_THE PROBLEM_:
Among the lines of the entries below, count those containing the word "curved" and answer with the number only.
[PROVIDED DATA Boundary: Start]
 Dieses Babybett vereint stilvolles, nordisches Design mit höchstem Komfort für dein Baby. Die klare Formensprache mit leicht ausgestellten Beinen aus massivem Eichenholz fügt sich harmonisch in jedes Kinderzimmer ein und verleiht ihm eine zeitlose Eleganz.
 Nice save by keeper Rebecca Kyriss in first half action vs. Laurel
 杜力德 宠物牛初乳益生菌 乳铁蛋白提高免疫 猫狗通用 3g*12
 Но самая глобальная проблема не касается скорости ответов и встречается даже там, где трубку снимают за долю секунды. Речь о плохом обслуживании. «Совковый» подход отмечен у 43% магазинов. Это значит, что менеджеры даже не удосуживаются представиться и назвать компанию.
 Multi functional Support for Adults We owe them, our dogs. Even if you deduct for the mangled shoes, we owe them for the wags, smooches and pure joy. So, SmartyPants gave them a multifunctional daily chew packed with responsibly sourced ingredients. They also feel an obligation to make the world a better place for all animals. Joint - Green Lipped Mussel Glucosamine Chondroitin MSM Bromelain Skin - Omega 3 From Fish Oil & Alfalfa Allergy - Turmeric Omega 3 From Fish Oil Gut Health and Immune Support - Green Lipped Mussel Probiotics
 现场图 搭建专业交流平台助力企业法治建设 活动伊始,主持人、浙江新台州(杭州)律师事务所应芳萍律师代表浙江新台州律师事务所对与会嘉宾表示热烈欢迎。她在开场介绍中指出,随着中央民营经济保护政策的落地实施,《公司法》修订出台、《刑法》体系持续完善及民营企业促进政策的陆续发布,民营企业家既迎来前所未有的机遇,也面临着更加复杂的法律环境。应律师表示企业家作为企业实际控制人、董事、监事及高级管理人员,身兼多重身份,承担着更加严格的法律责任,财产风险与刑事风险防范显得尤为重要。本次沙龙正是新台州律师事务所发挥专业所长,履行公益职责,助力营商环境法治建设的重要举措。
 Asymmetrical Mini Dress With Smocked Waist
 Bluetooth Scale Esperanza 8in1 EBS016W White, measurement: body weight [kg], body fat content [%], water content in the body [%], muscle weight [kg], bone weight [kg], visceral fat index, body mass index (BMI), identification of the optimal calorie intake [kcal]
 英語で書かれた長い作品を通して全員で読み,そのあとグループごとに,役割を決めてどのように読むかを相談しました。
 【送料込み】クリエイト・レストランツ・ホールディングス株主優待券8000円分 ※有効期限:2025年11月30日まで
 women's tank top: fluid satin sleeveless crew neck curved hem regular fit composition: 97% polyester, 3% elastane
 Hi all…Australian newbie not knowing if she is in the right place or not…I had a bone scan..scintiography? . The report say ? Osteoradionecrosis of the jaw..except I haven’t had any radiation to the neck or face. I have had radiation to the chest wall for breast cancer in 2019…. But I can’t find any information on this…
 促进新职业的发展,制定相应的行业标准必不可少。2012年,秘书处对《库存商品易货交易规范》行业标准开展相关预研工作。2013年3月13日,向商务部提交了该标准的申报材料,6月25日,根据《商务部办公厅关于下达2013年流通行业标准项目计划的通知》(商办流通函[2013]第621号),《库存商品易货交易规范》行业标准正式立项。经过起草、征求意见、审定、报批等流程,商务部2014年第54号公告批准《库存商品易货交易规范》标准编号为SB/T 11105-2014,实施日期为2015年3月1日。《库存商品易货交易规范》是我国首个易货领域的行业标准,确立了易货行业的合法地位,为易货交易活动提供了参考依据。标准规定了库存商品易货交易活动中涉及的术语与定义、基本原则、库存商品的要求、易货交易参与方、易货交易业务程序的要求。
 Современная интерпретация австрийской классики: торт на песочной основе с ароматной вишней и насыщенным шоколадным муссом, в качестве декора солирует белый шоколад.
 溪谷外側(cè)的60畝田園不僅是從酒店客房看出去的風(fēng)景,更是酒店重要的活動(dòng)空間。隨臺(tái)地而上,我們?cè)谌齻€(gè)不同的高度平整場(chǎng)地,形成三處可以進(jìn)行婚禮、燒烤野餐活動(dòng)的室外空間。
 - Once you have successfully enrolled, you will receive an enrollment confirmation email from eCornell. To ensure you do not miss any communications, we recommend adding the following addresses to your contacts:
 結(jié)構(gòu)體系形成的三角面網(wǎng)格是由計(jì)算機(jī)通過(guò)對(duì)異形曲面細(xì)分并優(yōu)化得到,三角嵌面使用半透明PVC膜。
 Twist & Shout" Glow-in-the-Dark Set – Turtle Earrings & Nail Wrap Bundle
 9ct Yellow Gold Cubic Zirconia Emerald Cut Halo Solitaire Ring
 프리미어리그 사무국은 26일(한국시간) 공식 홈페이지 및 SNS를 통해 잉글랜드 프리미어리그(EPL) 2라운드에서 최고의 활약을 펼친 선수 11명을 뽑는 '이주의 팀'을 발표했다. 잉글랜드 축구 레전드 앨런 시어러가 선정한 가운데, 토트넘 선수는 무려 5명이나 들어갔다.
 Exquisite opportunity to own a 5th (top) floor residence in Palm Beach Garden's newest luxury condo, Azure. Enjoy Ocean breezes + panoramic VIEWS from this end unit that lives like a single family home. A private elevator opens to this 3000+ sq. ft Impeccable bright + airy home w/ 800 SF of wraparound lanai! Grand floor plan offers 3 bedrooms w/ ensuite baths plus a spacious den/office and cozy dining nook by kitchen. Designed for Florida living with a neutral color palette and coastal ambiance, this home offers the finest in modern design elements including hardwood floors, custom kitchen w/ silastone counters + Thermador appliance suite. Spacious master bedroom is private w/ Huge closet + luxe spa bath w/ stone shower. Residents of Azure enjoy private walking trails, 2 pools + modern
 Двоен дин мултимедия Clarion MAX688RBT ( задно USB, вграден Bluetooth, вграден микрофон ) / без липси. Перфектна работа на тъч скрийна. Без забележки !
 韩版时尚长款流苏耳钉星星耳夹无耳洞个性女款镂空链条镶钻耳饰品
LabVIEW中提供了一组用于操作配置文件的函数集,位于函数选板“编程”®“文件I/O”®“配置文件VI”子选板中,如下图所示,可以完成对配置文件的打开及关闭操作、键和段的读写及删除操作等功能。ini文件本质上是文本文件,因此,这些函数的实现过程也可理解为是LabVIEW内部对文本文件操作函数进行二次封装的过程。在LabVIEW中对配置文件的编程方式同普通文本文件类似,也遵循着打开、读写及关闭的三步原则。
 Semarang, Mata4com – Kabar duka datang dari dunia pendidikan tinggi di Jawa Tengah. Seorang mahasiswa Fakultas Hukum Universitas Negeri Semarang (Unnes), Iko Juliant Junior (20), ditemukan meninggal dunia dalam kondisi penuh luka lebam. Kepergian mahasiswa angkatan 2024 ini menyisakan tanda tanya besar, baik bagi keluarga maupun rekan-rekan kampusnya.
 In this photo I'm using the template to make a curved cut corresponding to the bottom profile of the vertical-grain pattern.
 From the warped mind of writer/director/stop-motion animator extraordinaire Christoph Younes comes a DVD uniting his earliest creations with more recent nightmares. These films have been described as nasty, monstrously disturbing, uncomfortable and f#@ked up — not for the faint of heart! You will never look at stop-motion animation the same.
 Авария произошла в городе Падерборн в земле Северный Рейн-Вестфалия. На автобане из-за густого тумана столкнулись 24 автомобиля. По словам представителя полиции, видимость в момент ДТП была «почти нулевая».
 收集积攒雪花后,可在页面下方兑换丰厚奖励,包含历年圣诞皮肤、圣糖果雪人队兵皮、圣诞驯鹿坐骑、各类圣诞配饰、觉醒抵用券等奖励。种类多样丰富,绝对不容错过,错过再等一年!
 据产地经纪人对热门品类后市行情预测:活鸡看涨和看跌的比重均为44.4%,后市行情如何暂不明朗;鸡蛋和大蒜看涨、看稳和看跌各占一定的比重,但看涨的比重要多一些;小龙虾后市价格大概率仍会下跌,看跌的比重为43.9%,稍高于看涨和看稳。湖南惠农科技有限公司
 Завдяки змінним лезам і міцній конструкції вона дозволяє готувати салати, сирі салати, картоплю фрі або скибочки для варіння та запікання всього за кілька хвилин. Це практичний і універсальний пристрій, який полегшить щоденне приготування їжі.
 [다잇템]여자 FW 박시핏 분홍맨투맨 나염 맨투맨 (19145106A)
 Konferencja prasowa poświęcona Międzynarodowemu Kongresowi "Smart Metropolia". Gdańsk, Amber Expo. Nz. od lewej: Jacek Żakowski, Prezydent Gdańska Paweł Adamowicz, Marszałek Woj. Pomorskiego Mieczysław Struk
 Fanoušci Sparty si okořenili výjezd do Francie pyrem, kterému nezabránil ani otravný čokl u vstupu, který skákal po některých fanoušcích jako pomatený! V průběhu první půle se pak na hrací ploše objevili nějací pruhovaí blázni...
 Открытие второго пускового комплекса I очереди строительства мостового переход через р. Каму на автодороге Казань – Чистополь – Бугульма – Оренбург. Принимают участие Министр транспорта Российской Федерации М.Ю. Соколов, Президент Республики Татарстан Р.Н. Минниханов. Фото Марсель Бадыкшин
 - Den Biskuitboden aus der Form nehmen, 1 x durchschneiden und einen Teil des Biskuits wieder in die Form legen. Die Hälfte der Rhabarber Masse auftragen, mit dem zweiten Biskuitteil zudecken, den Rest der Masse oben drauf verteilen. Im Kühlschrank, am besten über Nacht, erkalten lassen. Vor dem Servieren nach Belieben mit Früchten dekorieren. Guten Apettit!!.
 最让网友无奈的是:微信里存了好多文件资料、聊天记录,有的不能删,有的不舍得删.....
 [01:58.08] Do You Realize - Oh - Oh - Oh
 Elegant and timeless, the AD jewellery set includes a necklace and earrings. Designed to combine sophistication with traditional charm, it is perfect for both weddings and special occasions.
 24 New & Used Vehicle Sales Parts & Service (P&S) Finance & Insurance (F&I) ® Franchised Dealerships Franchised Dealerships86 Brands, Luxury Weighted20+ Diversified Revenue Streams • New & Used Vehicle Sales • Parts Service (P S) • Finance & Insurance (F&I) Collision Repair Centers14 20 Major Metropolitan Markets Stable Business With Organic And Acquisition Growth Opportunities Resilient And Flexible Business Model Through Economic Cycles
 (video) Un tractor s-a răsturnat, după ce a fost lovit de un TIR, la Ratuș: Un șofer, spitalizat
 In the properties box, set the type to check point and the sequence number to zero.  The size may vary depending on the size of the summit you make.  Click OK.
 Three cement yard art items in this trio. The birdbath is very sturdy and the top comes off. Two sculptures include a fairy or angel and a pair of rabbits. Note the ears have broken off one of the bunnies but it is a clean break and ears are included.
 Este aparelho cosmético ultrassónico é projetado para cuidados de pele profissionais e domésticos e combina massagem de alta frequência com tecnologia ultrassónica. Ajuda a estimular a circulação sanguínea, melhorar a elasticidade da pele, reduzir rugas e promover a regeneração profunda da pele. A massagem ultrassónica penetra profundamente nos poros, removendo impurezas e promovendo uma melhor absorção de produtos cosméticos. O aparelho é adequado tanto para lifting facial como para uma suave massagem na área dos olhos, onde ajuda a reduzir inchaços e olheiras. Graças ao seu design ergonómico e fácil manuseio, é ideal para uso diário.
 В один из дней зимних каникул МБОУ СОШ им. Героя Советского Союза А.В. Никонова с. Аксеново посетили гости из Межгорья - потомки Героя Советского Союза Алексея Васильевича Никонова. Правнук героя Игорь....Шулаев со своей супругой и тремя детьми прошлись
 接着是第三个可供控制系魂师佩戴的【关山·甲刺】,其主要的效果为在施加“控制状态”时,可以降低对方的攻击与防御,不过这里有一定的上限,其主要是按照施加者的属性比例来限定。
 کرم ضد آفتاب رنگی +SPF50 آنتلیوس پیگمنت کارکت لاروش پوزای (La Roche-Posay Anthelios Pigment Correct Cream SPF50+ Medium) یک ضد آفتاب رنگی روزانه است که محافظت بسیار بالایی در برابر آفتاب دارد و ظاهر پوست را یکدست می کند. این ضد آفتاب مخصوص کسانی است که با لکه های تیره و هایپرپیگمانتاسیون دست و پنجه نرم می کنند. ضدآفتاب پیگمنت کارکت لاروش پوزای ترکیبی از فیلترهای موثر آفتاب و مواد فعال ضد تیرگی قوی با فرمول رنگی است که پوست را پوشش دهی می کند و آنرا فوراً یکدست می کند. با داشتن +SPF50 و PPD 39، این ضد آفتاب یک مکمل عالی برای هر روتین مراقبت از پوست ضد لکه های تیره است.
[PROVIDED DATA Boundary: End]
_WORKED SOLUTION_:
2